The Twins didn't say anything, but Damien's voice, sounding uncharacteristically flat and emotionless, came from the other side of me. "We agreed to that, but we didn't agree to be friends with her."

"I didn't say I wanted to be your friend," Aphrodite said.

"Ditto, bitch!" the Twins said together. "Whatever," Aphrodite said, moving like she was going to pick up her tray and leave.

I'd opened my mouth to tell Aphrodite to sit down and the Twins to shut up when a bizarre noise echoed down the hall and through the open doors to the cafeteria.

"What the--?" I began, but didn't get the whole question out before at least a dozen cats streaked into the cafeteria, hissing and spitting like crazy.

Okay, at the House of Night, cats are everywhere. Literally. They follow us around, sleep with, and in my cat Nala's case, often complain at, the fledgling of their choice. In Vamp Soc class, one of the first cool things we learned was that cats had long been familiars of vampyres. This meant that we were all majorly used to having cats everywhere. But I had never seen them act so absolutely insane.

The Twin's huge gray tomcat, Beelzebub, jumped right up between them. He was puffed up to twice his already ginormously large size, and he stared back through the open door to the dining hall with amber eyes slit in anger.

"Beelzebub, baby, what's wrong?" Erin tried to soothe him.

Nala leaped up on my lap. She put her little white-tipped paws on my shoulder and gave a scary, psycho-cat growl as she, too, stared at the door and the chaotic noise still coming from the hall.

"Hey," Jack said. "I know what that sound is."

And it hit me at the same time. "It's a dog barking," I said.

Then something that resembled a large yellow bear more closely than a dog burst into the cafeteria. The bear-dog was followed by a kid who was being followed by several uncharacteristically frazzled-looking professors, including our fencing master, Dragon Lankford, our equestrian instructor, Lenobia, as well as several of the Sons of Erebus Warriors.

"Got ya!" the kid yelled once he caught up with the dog and came to a skidding halt not far from us while he swooped down, snagged the barking beast's collar (which I noted was pink leather with silver metallic spikes all around it), and neatly clipped a leash to it. The instant his leash was reattached, the bear stopped barking, plopped its round butt down on the floor, and stared, panting, up at the kid. "Yeah, great. Now you want to act right," I heard him mutter to the obviously grinning canine.

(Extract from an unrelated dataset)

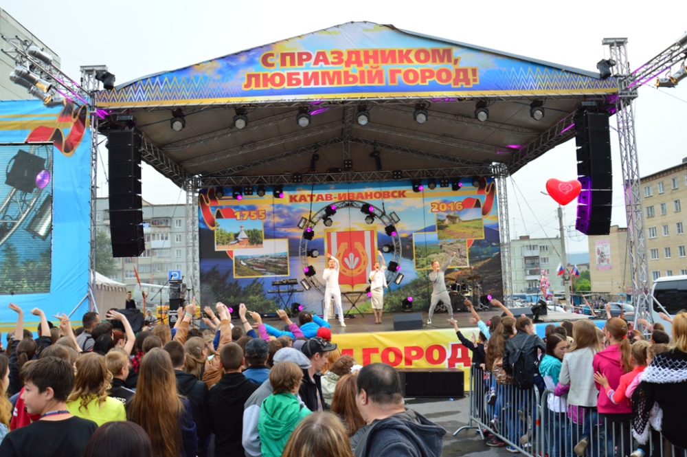 Вечером жителей и гостей Катав-Ивановска порадовал праздничный концерт. Свои хиты исполнила знаменитая группа «Комиссар» из Москвы. Также сцене выступили участник проекта «Голос 4» на первом канале Артем Каторгин, участник проекта «Голос дети» Евгений Гапонов, музыкальные группы «Изюм», «ИнКэш» и «Профилактика» из Екатеринбурга и Челябинска. На вечернем празднике также присутствовал депутат Государственной Думы РФ Олег Колесников. С приветственным словом он обратился к собравшимся.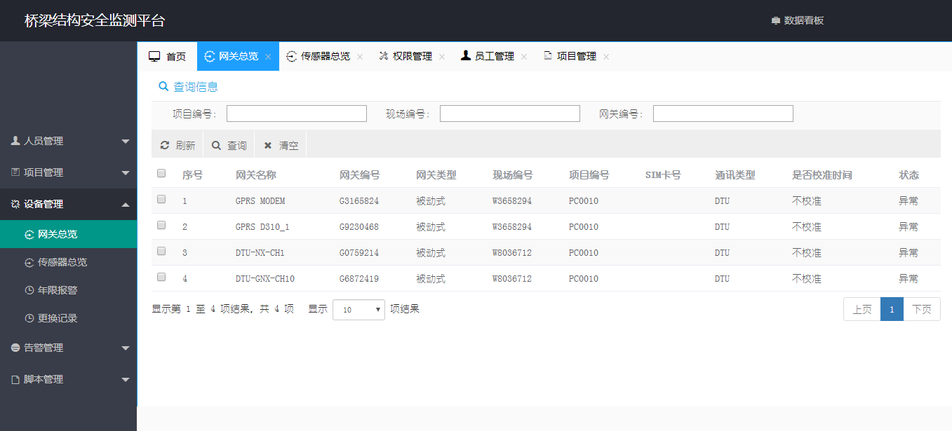 桥梁监测数据看板

Even though the barking had stopped, the cats in the cafeteria had definitely not stopped freaking. There was so much hissing around us, it sounded like air escaping from a punctured inner tube.

"You see, James, this was what I was trying to explain to you earlier," Dragon Lankford said as he stared, frowning, down at the dog. "The animal just won't work at this House of Night."

"It's Stark, not James," the kid said. "And like I was trying to explain to you earlier--the dog has to stay with me. It's just the way it is. If you want me--you get her, too."

I decided that the new dog kid had an unusual way about him. It wasn't like he was being openly rude or disrespectful to Dragon, but he also wasn't speaking to him with the respect, and sometimes outright fear, with which the vast majority of newly Marked fledglings spoke to vampyres. I checked out the front of his vintage Pink Floyd T-shirt. No class insignia there, so I didn't have a clue what year he was and how long he'd been Marked. "Stark," Lenobia was saying, obviously trying to reason with the kid, "it's just not possible to integrate a dog into this campus. You can see how much he's upsetting the cats."